Александр Генис: Американский час открывает новый выпуск из авторского цикла Владимира Абаринова “Муза на экспорт”. Герой сегодняшней передачи – Евгений Замятин.
Владимир Абаринов: Судьбы книг неисповедимы и неподвластны их авторам. Одна из самых ярких иллюстраций этой максимы – история романа Евгения Замятина "Мы".
Замятин родился и вырос в российской провинции, закончил кораблестроительный факультет Петербургского политехнического института. Студентом вступил в РСДРП, стал членом ее большевистской фракции и даже боевой дружины этой фракции. Дважды его арестовывали и ссылали за революционную деятельность. Его первые повести привлекли внимание литературного мира. Вторая из этих повестей была запрещена цензурой, а самого его сослали в Кемь – на этот раз за литературу.
В 1916-м он поехал в командировку в Англию для наблюдения за строительством ледоколов для России. Считается, что именно в Англии он осознал весь ужас технократии, урбанизации и унификации. Это и так, и не так. Его в какой-то мере пугал огромный мегаполис, но, с другой стороны, он усвоил английский стиль жизни и английские манеры, стал начинать свои письма рассказом о погоде – в общем, стал если не англичанином, то англофилом. В Россию Замятин вернулся между двумя революциями. Впоследствии он написал об этом со свойственной ему иронией:
Очень жалко, что не видел февральской революции и знаю только октябрьскую. Это все равно, что никогда не знать влюбленности и однажды утром проснуться женатым, уже лет этак десять.
В Петрограде он быстро вписался в литературную жизнь, стал в ней заметной и необходимой фигурой. Впоследствии он напишет об этом времени:
Три года затем мы все вместе были заперты в стальном снаряде – и во тьме, в тесноте, со свистом неслись неизвестно куда. В эти предсмертные секунды-годы надо было что-то делать, устраиваться и жить в несущемся снаряде.
В марте 1919 года разразился политический кризис: левые эсеры вышли из правительства в знак протеста против Брестского мира. ЧК приняла свои меры. В Петрограде по подозрению в принадлежности к партии левых эсеров были арестованы Александр Блок, Кузьма Петров-Водкин, Алексей Ремизов, критик Иванов-Разумник и Евгений Замятин. После допроса его отпустили, но, видимо, на заметку взяли.

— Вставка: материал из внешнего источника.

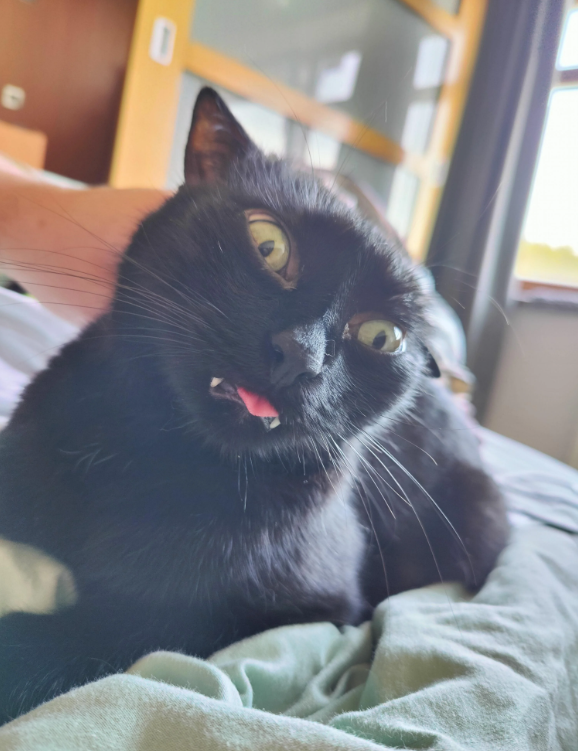 If void cats tried to mock boomers on Facebook - this would be the prime example. But, alas, this is just a regular void cat booping the front camera being very unphotogenic.
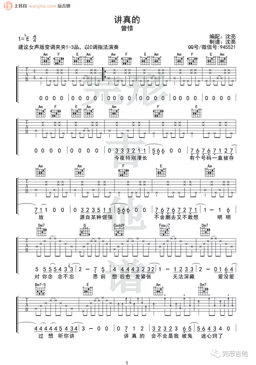 曲谱介绍: 讲真的吉他谱由完形吉他沈亮老师提供分享,总共提供了两个版本的曲谱,一个是男版G调,另一个是女版C调,演示视频也是根据男版来演示,这首歌曲,男版的原调是bE调,作为单乐器伴奏,这首歌曲最重要的节奏就是击弦和切音的出现,会是这首歌曲的关键之处,女生版同样需要注意关键点,就不多赘述,整首歌曲都会变得活力起来,喜欢的朋友需要多多练习,大家可以参考下方的吉他弹唱视频演示。 《讲真的》吉他弹唱教学视频示范
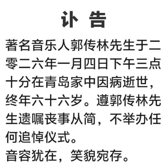 1月5日,黑豹乐队成员赵明义对外发布讣告,证实乐队创始人郭传林已于前一日在青岛离世,终年66岁。
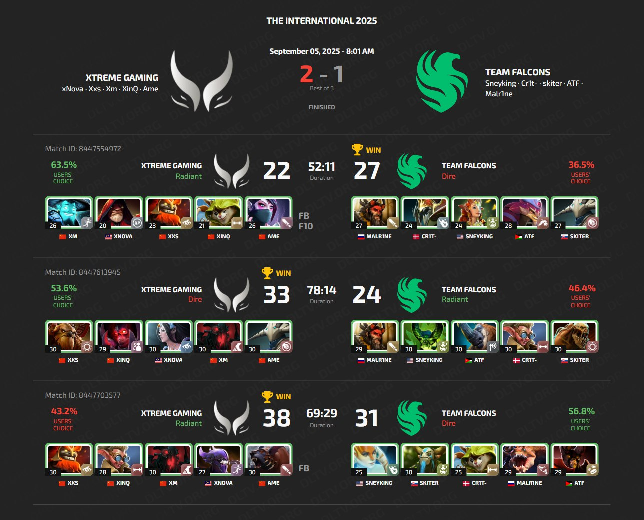 Xtreme Gaming and Team Falcons played a five-hour bo3, in which Xtreme Gaming emerged as the winners. The teams showed the highest level of Dota. All maps were extremely even, but the drafts of Xtreme Gaming proved to be stronger twice in the late game.
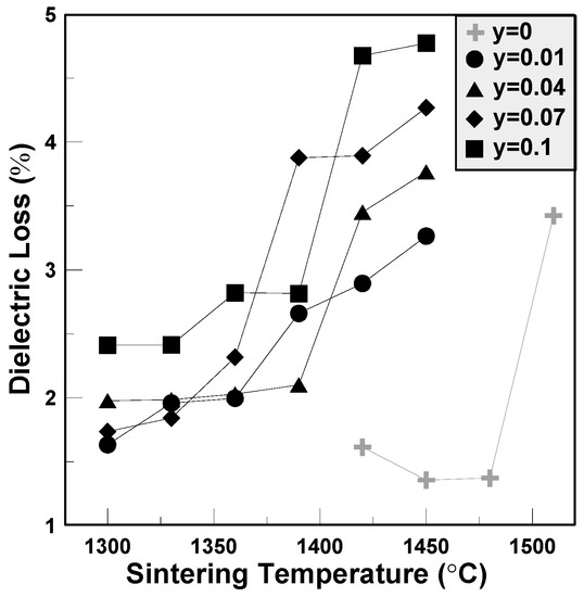 The dielectric loss variations of the BCTS–yLiF sheets are shown in Figure 5. For pure BCTS, as the sintering temperature increases, it first decreases to a minimum value, and then increases to about 3.4% for 1510 °C. The optimum dielectric loss is about 1.3%, which happened at 1450 °C. However, for all of the other BCTS–yLiF sheets, the dielectric loss increases as the sintering temperature increase. Compared with pure BCTS sheets, the BCTS–yLiF sheets reveal larger dielectric constants; however, this is accompanied by a higher dielectric loss. This means that too many LiF dopants are not suitable, and will cause an increase of dielectric loss.
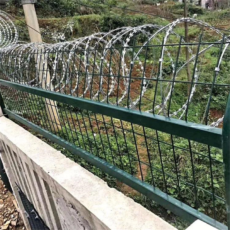 關產品特點:刀片刺網又名刮刀型刺絲,是一種近年發展起來的防護、隔離能力較強的新型防護網產品。鋒利的刀型刺由雙線扣裝后成蛇腹狀,既美觀又讓人不寒而栗。起到了很好的阻嚇作用。同時該產品具有美觀、防阻效果好、施工便利等優點。
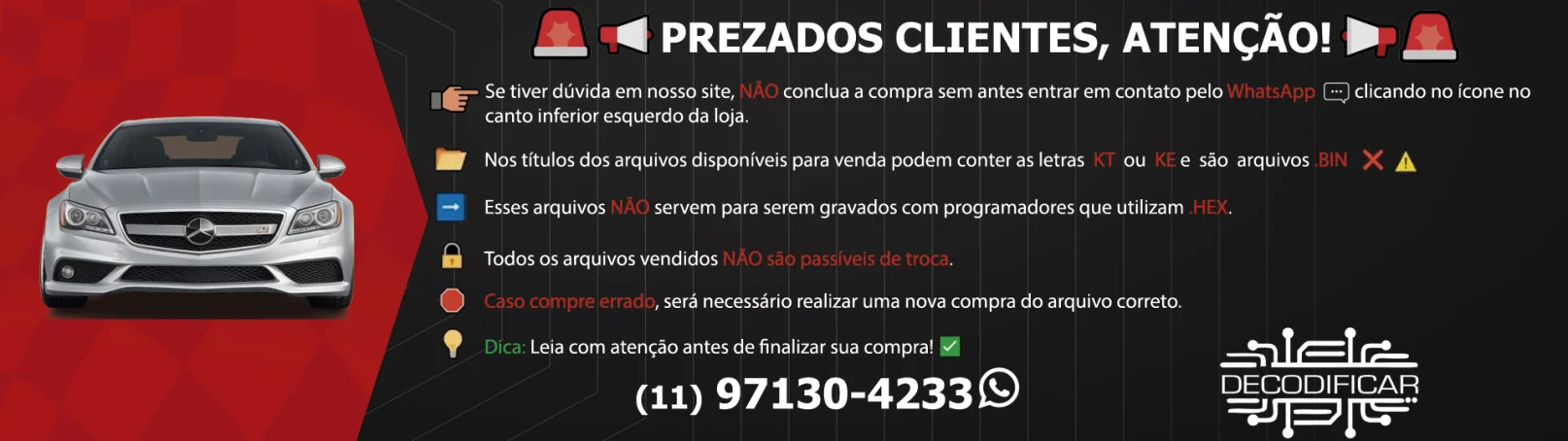 Na Decodificar, o ponto de partida para a escolha correta de um arquivo automotivo é sempre a referência da UCE (Unidade de Controle Eletrônico).
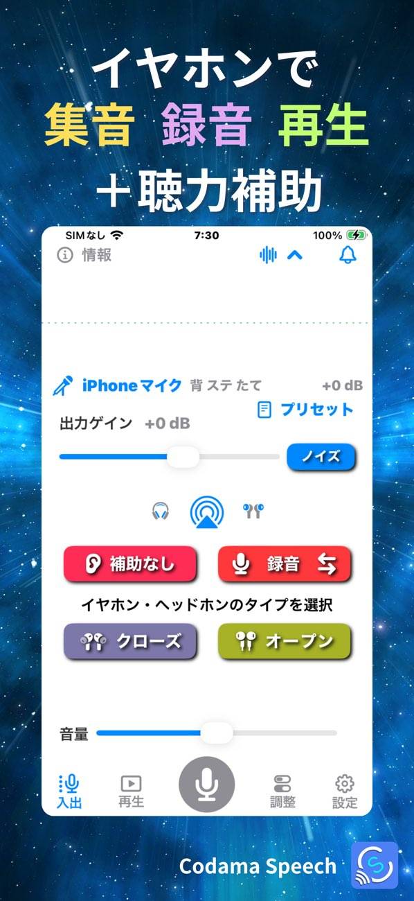 こだまスピーチ/マイク集音+聴力補助+録音+再生+文字おこし

В 1920 году Замятин написал футурологический роман "Мы". Советская цензура публиковать его не разрешила, и в 1921-м автор отослал рукопись в Берлин. Впервые он был издан по-английски в США в 1924 году. О том, как он был принят и какие существуют его толкования, рассказывает мой сегодняшний собеседник Любовь Куртынова – доктор философии, историк, долгое время преподававшая в Северо-Западном университете в Чикаго.
Любовь Куртынова: Если говорить о том, как роман приняли, то нужно начать с того, что, как вы только что отметили сами, роман был издан прежде всего по-английски. И английский перевод стал своего рода вторым оригиналом. Книгу сразу вписали в английскую литературу того времени. Как раз тогда стал чрезвычайно популярен жанр, который был основан и узаконен Гербертом Уэллсом и который впоследствии стал называться научной фантастикой.
Замятин Уэллсом восхищался. В частности, в 22-м году он написал блестящее, но малоизвестное – то есть практически неизвестное – эссе, которое так и называется: "Герберт Уэллс", где представил Уэллса как идеал современного писателя.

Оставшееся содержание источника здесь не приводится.